At the cost of sacrificing due process, Sharia courts significantly increase speed and efficiency of dockets.  But this is a price American criminal courts are unwilling to pay.


Religious Conscience Exemption of the Health Reform Law

Friday, April 8th, 2011

Recently, I gave a presentation on Islamic Sharia law and its impact on American jurisprudence.  During that lecture, I discussed the many different areas of law where Sharia and religion in general interplay with our legal system.  One of those areas was the health reform law.

By now, most folks are familiar with the health reform law.  With all its intricacies and provisions, there has certainly been plenty to debate, discuss and litigate.  One of the law’s most contested provisions include the government mandate to purchase health insurance and the penalty for being uninsured.

What most folks don’t know about the health reform law is the Religious Conscience Exemption to the mandate.  The law contains a provision which establishes guidelines under which religious groups which have established conscientious objections to certain forms of insurance may seek exemption from health insurance requirements.

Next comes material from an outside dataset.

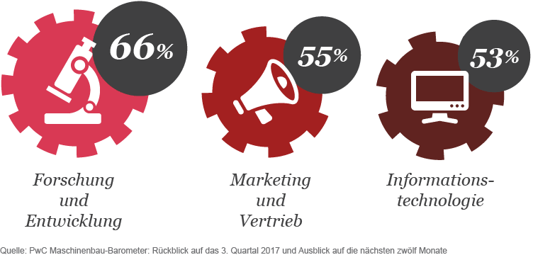 Die exzellente Stimmung im deutschen Maschinenbau spiegelt sich auch in den Umsatzprognosen der Entscheider wider. Im 3. Quartal sind die Erwartungen an das Wachstum der Branche im laufenden Jahr noch einmal deutlich gestiegen: Gingen die Befragten Mitte des Jahres noch von einer Umsatzsteigerung von 3,9 Prozent im Jahresvergleich aus, erwarten sie für 2017 nun ein Plus von durchschnittlich 5,6 Prozent – der höchste Wert seit Beginn der Erhebung. Die Entwicklung des eigenen Unternehmens in den nächsten zwölf Monaten schätzen die Maschinenbauer traditionell sogar noch stärker ein. Im Schnitt erwarten sie eine Umsatzsteigerung von 6,6 Prozent. „Die ungebrochen hohe Auslastung der Unternehmen sowie sehr positive Umsatzerwartungen sorgen für gute Stimmung in der Branche“, sagt Dr. Frank Schmidt, Partner und Leiter des Bereiches Industrielle Produktion bei PWC. „Besonders erfreulich ist, dass viele Maschinenbauer die gute Lage für den Ausbau der eigenen Investitionstätigkeit nutzen wollen.“ Tatsächlich planen 60 Prozent der Maschinenbauer in den kommenden zwölf Monaten größere Investitionen. Durchschnittlich wollen die Unternehmen neun Prozent ihres Gesamtumsatzes für Investitionsvorhaben aufwenden. „Vor allem sollen die Bereiche Forschung und Entwicklung sowie Marketing und Vertrieb von den Ausgabenerhöhungen profitieren“, so PWC-Experte Schmidt.

A key issue will be the determination of which religious groups’ members might qualify for this exemption, a question for which there is no clear answer.  Such members would have to be followers of a religion or sect described in section 1402(g)(1) if the IRS Code, which governs exemptions from the payment of social security and medicare taxes on self-employment income.   (There are those who believe that under the current requirements in the IRS code, the Amish are the only group who would likely qualify for a health insurance exemption.  Others disagree.) To qualify for the exemption, the sect would have to have been in existence continuously since Dec. 31, 1950.

Assuming the insurance mandate survives the court challenges, it does not go in effect until 2014.  So there is plenty of time to prepare arguments as to which religions will get the exemption and which ones will not.